約 束 (5)
* * * 5 * * *
懐かしい思い出に薄い笑みを浮かべ、延王尚隆は金波宮禁門前に降り立つ。隣国の王を認めた門卒たちは恭しく叩頭した。
すぐ戻る、と告げて禁門を潜ろうとした尚隆を、恐れながら、と閽人が留めた。行く手を遮られたのは初めてかもしれない。訝しげに顔を蹙めると、閽人は平伏して述べた。
「主上はもう禁門に向かっておられます。行き違われないよう、こちらでお待ちを、とのことでございます」
「──手際がよいな」
思わず呆れて呟くと、閽人は笑いを含んだ声で答えた。騶虞の姿を認めてすぐに主に使いを出したのだ、と。それを聞いて、尚隆はくつくつと笑った。そうこうしているうちに、国主景王が班渠を従えて禁門に現れた。
「お待たせいたしましたか、延王」
「いや、そうでもない」
「それはよかった。

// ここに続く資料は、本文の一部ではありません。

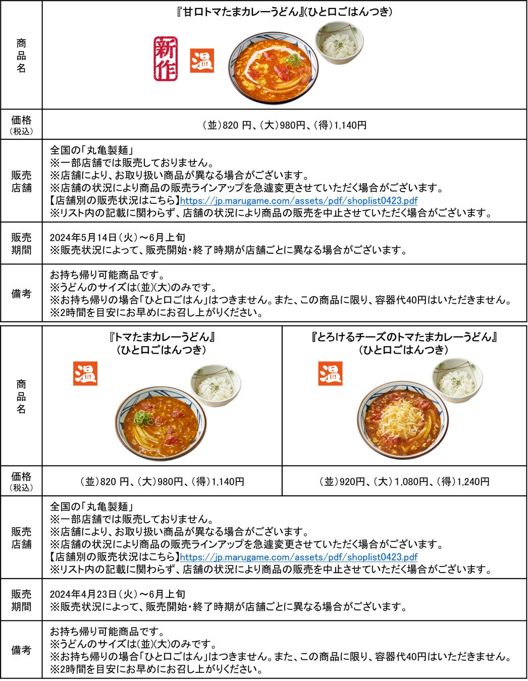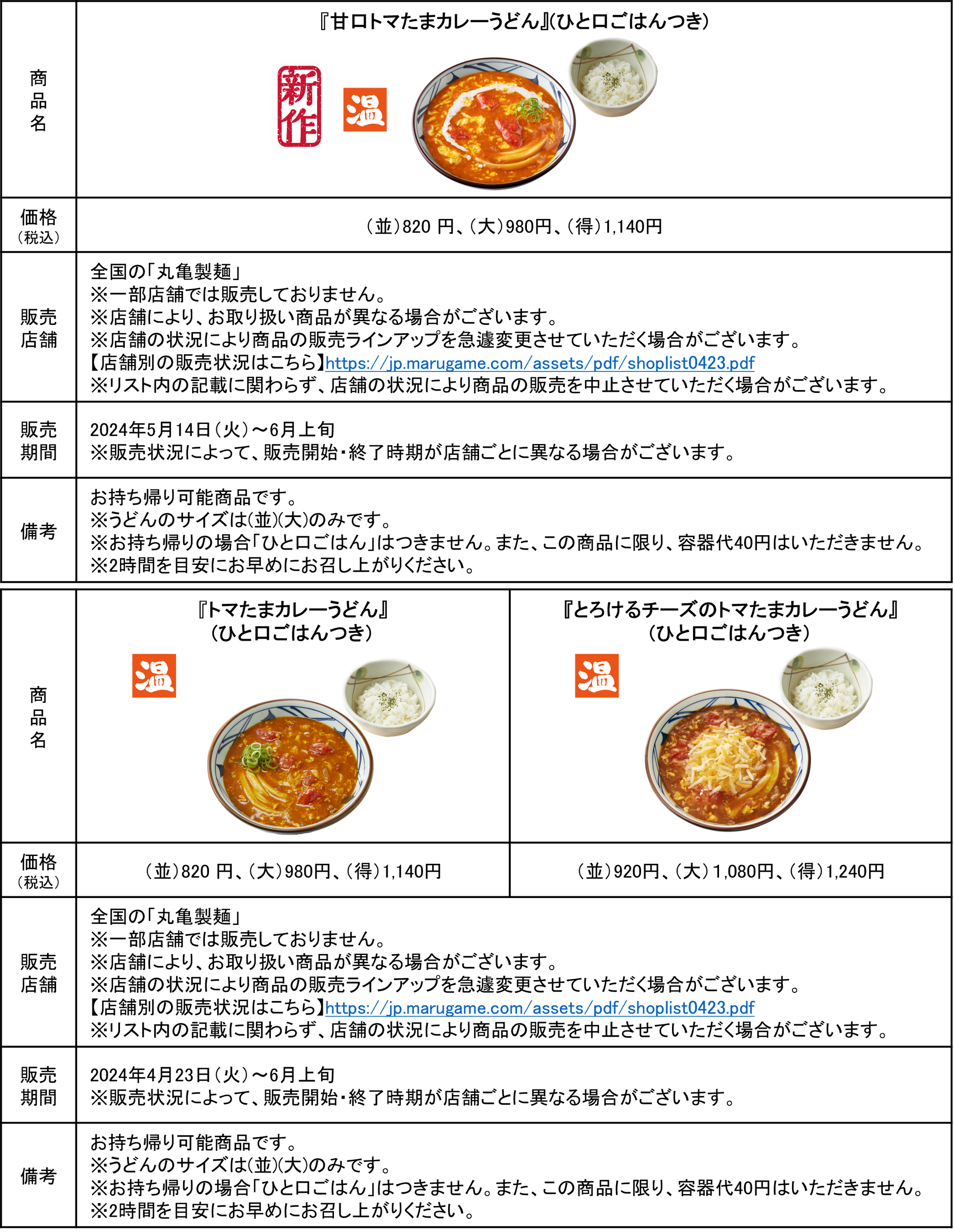 人気のトマたまシリーズに、お客さまの声から生まれた待望の新作が登場!『甘口トマたまカレーうどん』2024年5月14日(火)から全国の丸亀製麺にて期間限定で販売開始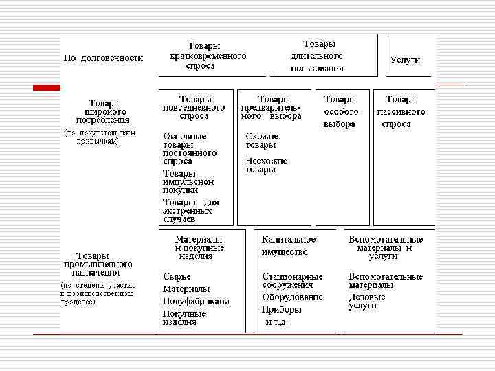 Классификация товаров промышленного назначения МАТЕРИАЛ Ы И ДЕТАЛИ КАПИТАЛЬ НОЕ ИМУЩЕСТВ О ВСПОМОГАТ ЕЛЬНЫЕ МАТЕРИАЛЫ И УСЛУГИ Сырьё Стационарн ые Сооружения Вспомогатель ные материалы Полуфабрик аты и детали Вспомогате льное оборудован ие Деловые услуги

では、まいりましょう」
艶然と告げる女王に促され、尚隆は先ほど降りたばかりの騶虞に跨る。そして、班渠に騎乗した景王陽子とともに飛び立った。
「──今年は随分と待遇がよいな」
「私の眉間の皺が消えたからだよ」
首を捻りながら苦笑すると、伴侶は軽く答えて笑った。確かに、禁門を守る門卒からして、溌剌とした雰囲気を醸していた。そこここに緊張を走らせていた昨年とは大違いだ。なるほど、と尚隆は破顔した。

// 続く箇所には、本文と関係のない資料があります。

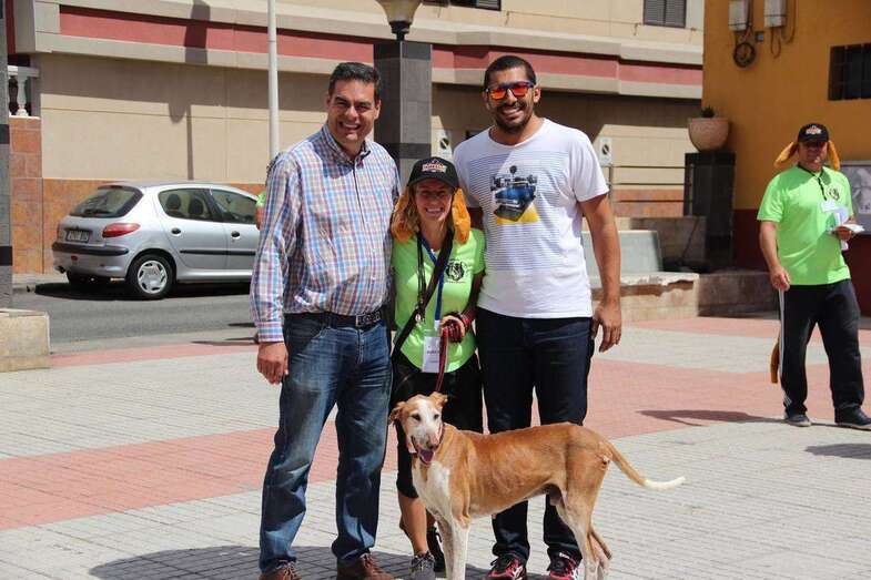 Desde el Ayuntamiento de Telde, los concejales Diego Ojeda y Abraham Santana quisieron sumarse a esta jornada y arropar a AuriCan en su búsqueda de fondos para hacer realidad su tan ansiada residencia para podencos.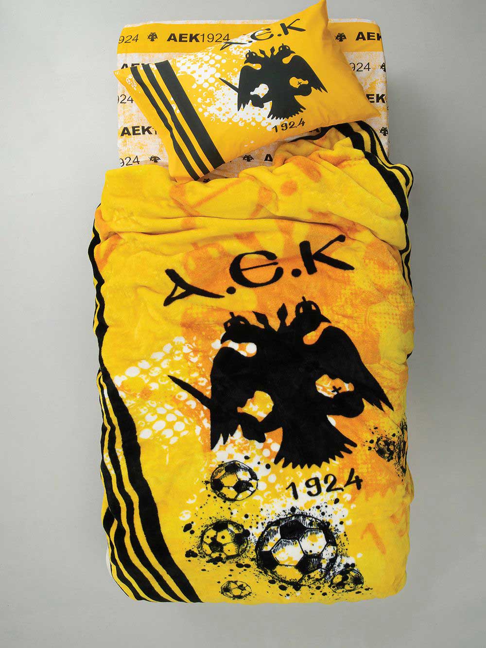 Μονή βελουτέ κουβέρτα από την σειρά Official Team Aek 1924 Collection, της εταιρίας Palamaiki. Ζεστή και βελούδινα απαλή, στα χρώματα της αγαπημένης σας ομάδας, θα σας χαρίσει απολαυστικές στιγμές χαλάρωσης.Οι σωστοί φίλαθλοι δείχνουν την αγάπη τους για την ομάδα τους και στο σπίτι και όχι μόνο στο γήπεδο. Ντύστε το υπνοδωμάτιό σας με τα χρώματα της αγαπημένης σας ομάδας και ζεσταθείτε με την βελουτέ κουβέρτα του ΑΕΚ!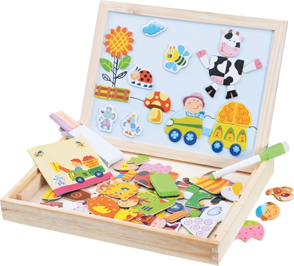 Odkryj urok wsi z kreatywnym zestawem dla małych twórców! Ta dwustronna magnetyczna tablica oferuje pisanie markerem po białej stronie oraz rysowanie kredą po łupkowej stronie. Dzieci mogą przypinać kolorowe magnesy z motywami farmy, układać opowieści, uczyć się kształtów i kolorów oraz rozwijać motorykę małą i wyobraźnię. Wszystko przechowywane jest w praktycznym drewnianym pudełku ułatwiającym przenoszenie.

枝いっぱいに花をつけた桜が見えると、笑みを湛えた伴侶の顔が歓喜に輝いた。それほどまでに花見を待っていたのか、と尚隆は密かに驚いた。
桜の根元に降り立ち、伴侶は改めて薄紅の花を眺める。満開の桜花に見とれる伴侶の姿は、風に揺れる花よりも美しい。薄紅の花弁を散らす桜と緋色の髪を風に靡かせる伴侶を見比べて、尚隆も笑みを浮かべていた。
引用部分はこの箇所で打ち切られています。